Information supplied:
+---+
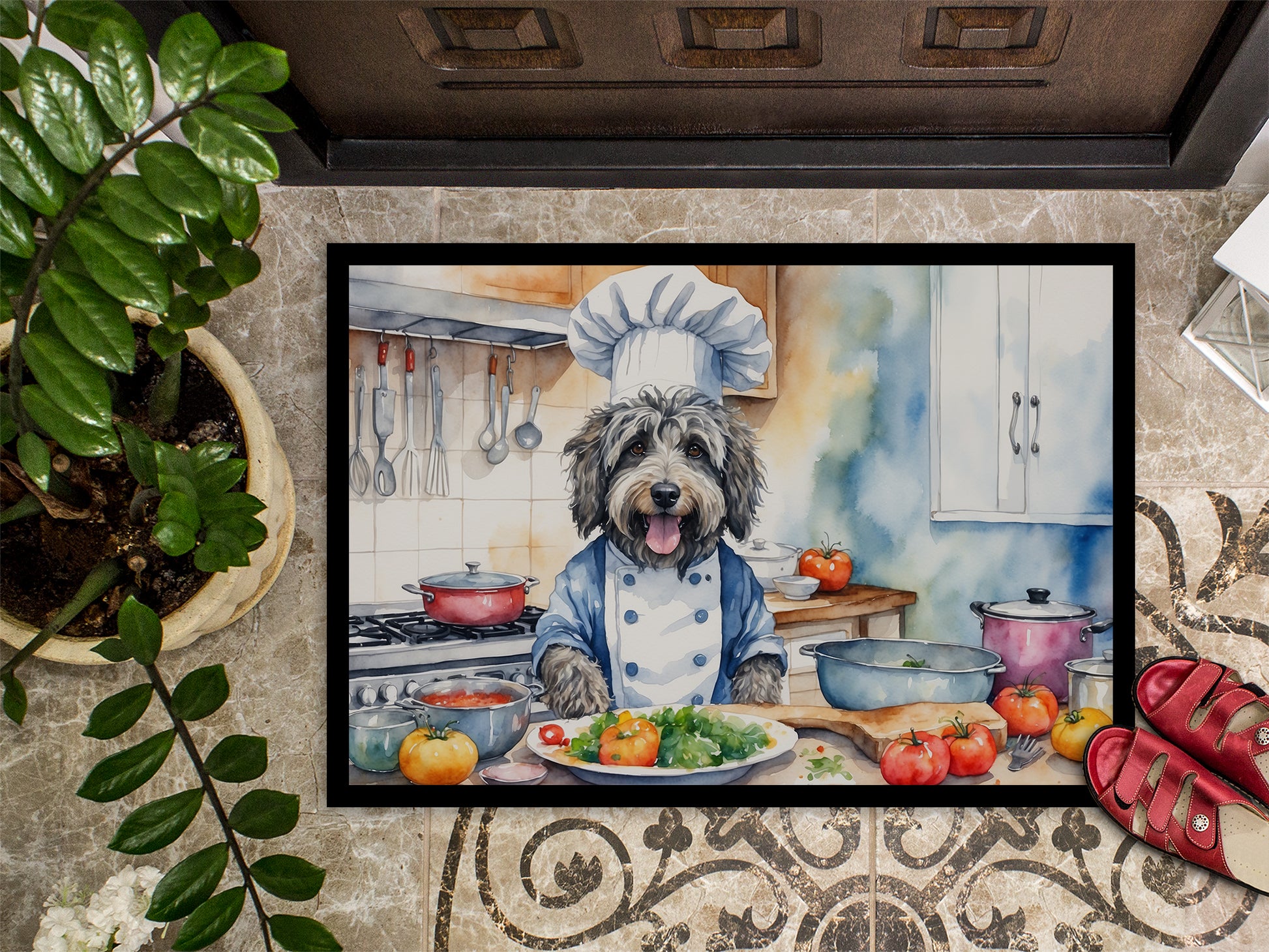 Doormat featuring breed specific Bergamasco Sheepdog artwork. Welcome your guests in style with our Artwork Door Mat, designed to withstand almost any weather condition. This mat, measuring approximately 18 by 27 inches, is held together by durable black binding tape. Its top layer, composed of polyester felt, is dyed with the eye-catching image you see on the mat. A few layers below provide the mat with stability, while its rubber bottom is stamped to help prevent slipping and ensures safety. Our mat works wonderfully as both an indoor or outdoor door mat. For cleaning, simply hose it off with water or use a power washer - no need for any cleaner that produces suds. Avoid scrubbing with a brush, instead, opt for the vacuum on floor setting. Designed manufactured and printed in the USA, this mat is a perfect addition to your porch, outdoor kitchen, entryway, or any indoor space. Its unique design makes it a charming decorative rug that greets your guests and adds a stylish touch to your home decor.
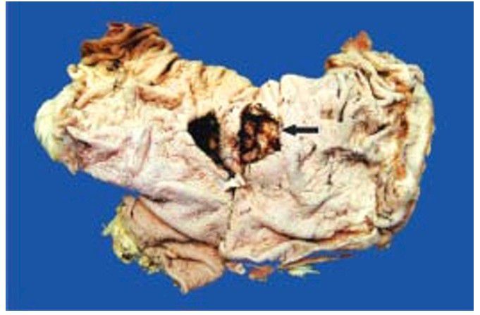 Partial gastrectomy specimen showing a punched out round to oval ulcer on the mucosa, about 1 cm in diameter (arrow) and penetrating into muscularis laye
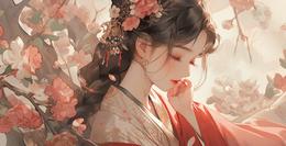 桃红戏曲古装美女桃花红色背景
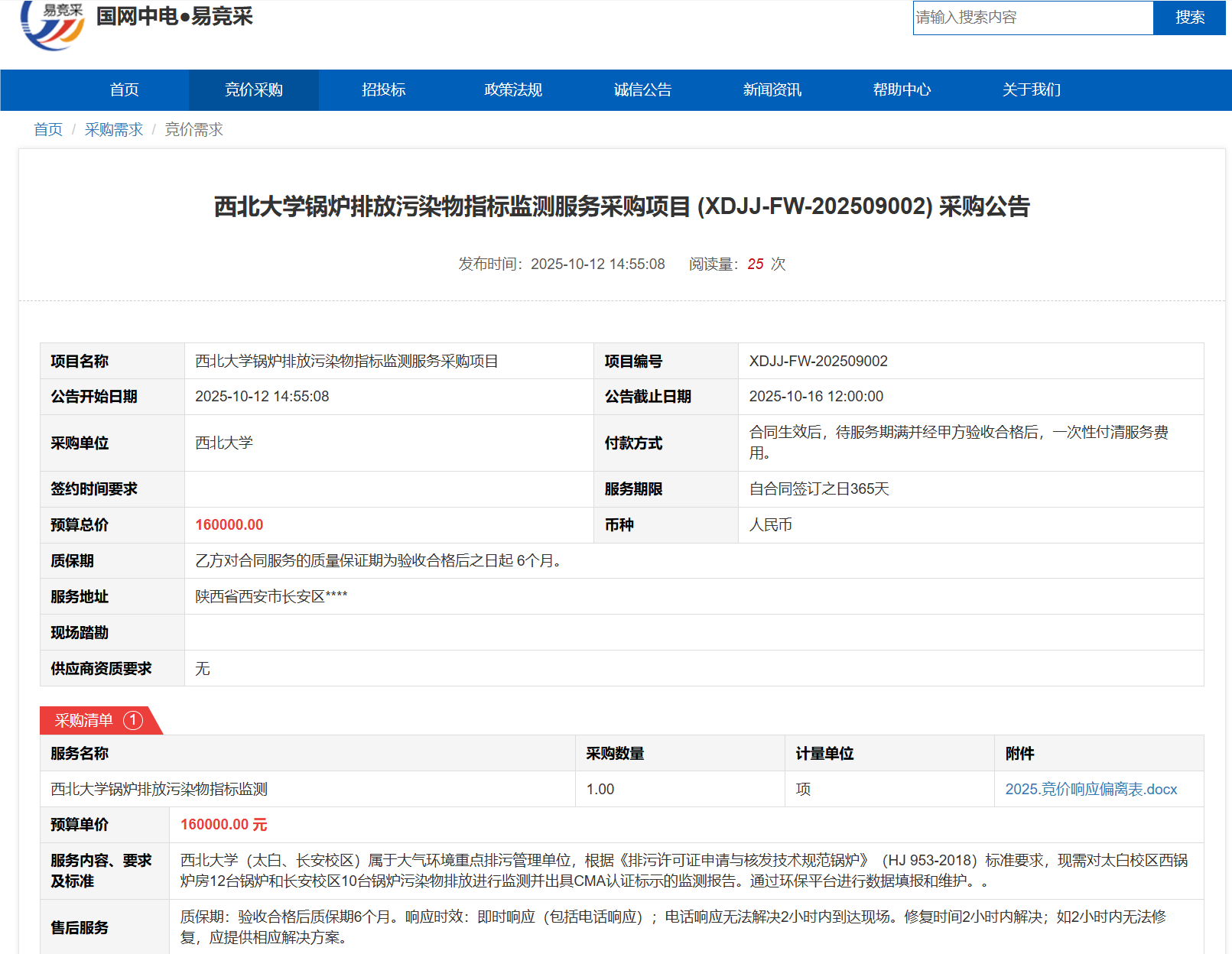 金沙2004路线js5锅炉排放污染物指标监测服务采购项目(XDJJ-FW-202509002)竞价采购公告
+---+
Where a line contains "桃红戏曲古装美女桃花红色背景", begin there and set down exactly each line through the end of the data above, omitting any pictures.

Exercise result:
 桃红戏曲古装美女桃花红色背景
 金沙2004路线js5锅炉排放污染物指标监测服务采购项目(XDJJ-FW-202509002)竞价采购公告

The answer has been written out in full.